[Date Prev][Date Next][Thread Prev][Thread Next][Date Index][Thread Index]
Re: [PATCH v10 Kernel 1/5] vfio: KABI for migration interface for device
From: |
Alex Williamson |
Subject: |
Re: [PATCH v10 Kernel 1/5] vfio: KABI for migration interface for device state |
Date: |
Mon, 16 Dec 2019 15:44:06 -0700 |
On Tue, 17 Dec 2019 01:51:36 +0530
Kirti Wankhede <address@hidden> wrote:
> - Defined MIGRATION region type and sub-type.
>
> - Defined vfio_device_migration_info structure which will be placed at 0th
> offset of migration region to get/set VFIO device related information.
> Defined members of structure and usage on read/write access.
>
> - Defined device states and added state transition details in the comment.
>
> - Added sequence to be followed while saving and resuming VFIO device state
>
> Signed-off-by: Kirti Wankhede <address@hidden>
> Reviewed-by: Neo Jia <address@hidden>
> ---
> include/uapi/linux/vfio.h | 180
> ++++++++++++++++++++++++++++++++++++++++++++++
> 1 file changed, 180 insertions(+)
>
> diff --git a/include/uapi/linux/vfio.h b/include/uapi/linux/vfio.h
> index 9e843a147ead..a0817ba267c1 100644
> --- a/include/uapi/linux/vfio.h
> +++ b/include/uapi/linux/vfio.h
> @@ -305,6 +305,7 @@ struct vfio_region_info_cap_type {
> #define VFIO_REGION_TYPE_PCI_VENDOR_MASK (0xffff)
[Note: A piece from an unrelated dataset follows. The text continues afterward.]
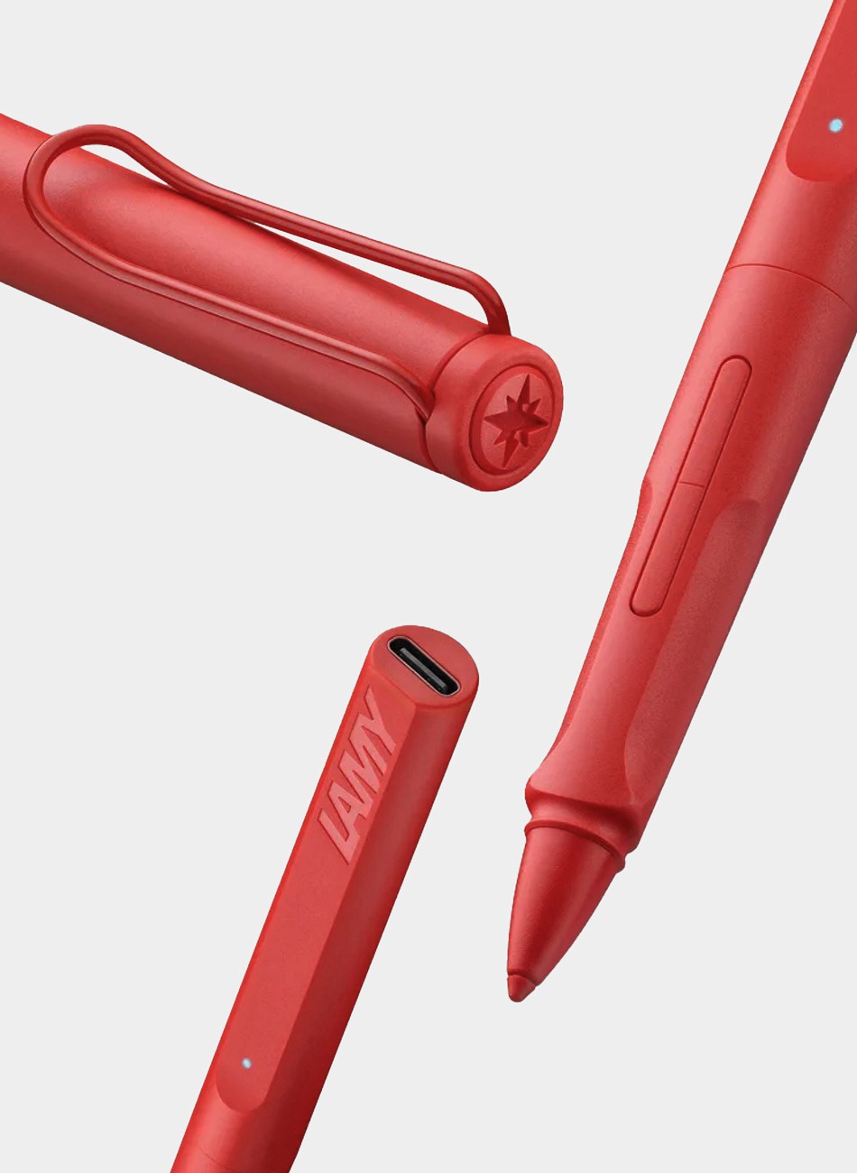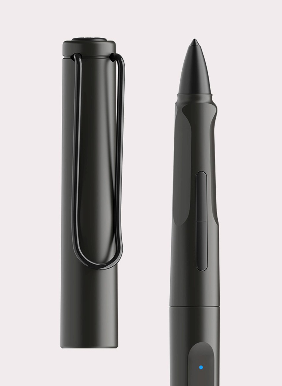 We are proud to have guided the industrial design and creative identity of the note+ pen for LAMY. The goal was to develop a digital pen that clearly embodies the essence of a pen, blending the iconic ergonomic language of LAMY’s Safari with the precision of modern technology for Apple iPads. As designers, we understand the value of drawing in capturing ideas. The note+ reflects the natural motion of the hand, whether writing or sketching, bridging analogue and digital worlds, with a focus on making the writing experience intuitive, especially in educational settings. The design process involved carefully balancing functional details, textures, and colours to align with LAMY’s well-known Safari heritage.

> #define VFIO_REGION_TYPE_GFX (1)
> #define VFIO_REGION_TYPE_CCW (2)
> +#define VFIO_REGION_TYPE_MIGRATION (3)
>
> /* sub-types for VFIO_REGION_TYPE_PCI_* */
>
> @@ -379,6 +380,185 @@ struct vfio_region_gfx_edid {
> /* sub-types for VFIO_REGION_TYPE_CCW */
> #define VFIO_REGION_SUBTYPE_CCW_ASYNC_CMD (1)
>
> +/* sub-types for VFIO_REGION_TYPE_MIGRATION */
> +#define VFIO_REGION_SUBTYPE_MIGRATION (1)
> +
> +/*
> + * Structure vfio_device_migration_info is placed at 0th offset of
> + * VFIO_REGION_SUBTYPE_MIGRATION region to get/set VFIO device related
> migration
> + * information. Field accesses from this structure are only supported at
> their
> + * native width and alignment, otherwise the result is undefined and vendor
> + * drivers should return an error.
> + *
> + * device_state: (read/write)
> + * To indicate vendor driver the state VFIO device should be
> transitioned
> + * to. If device state transition fails, write on this field return
> error.
> + * It consists of 3 bits:
> + * - If bit 0 set, indicates _RUNNING state. When its clear, that
> indicates
s/its/it's/
> + * _STOP state. When device is changed to _STOP, driver should stop
> + * device before write() returns.
> + * - If bit 1 set, indicates _SAVING state. When set, that indicates
> driver
> + * should start gathering device state information which will be
> provided
> + * to VFIO user space application to save device's state.
> + * - If bit 2 set, indicates _RESUMING state. When set, that indicates
> + * prepare to resume device, data provided through migration region
> + * should be used to resume device.
> + * Bits 3 - 31 are reserved for future use. User should perform
> + * read-modify-write operation on this field.
> + *
> + * +------- _RESUMING
> + * |+------ _SAVING
> + * ||+----- _RUNNING
> + * |||
> + * 000b => Device Stopped, not saving or resuming
> + * 001b => Device running state, default state
> + * 010b => Stop Device & save device state, stop-and-copy state
> + * 011b => Device running and save device state, pre-copy state
> + * 100b => Device stopped and device state is resuming
> + * 101b => Invalid state
Eventually this would be intended for post-copy, if supported by the
device, right?
> + * 110b => Invalid state
> + * 111b => Invalid state
> + *
> + * State transitions:
> + *
> + * _RESUMING _RUNNING Pre-copy Stop-and-copy _STOP
> + * (100b) (001b) (011b) (010b) (000b)
> + * 0. Running or Default state
> + * |
> + *
> + * 1. Normal Shutdown
Optional, userspace is under no obligation.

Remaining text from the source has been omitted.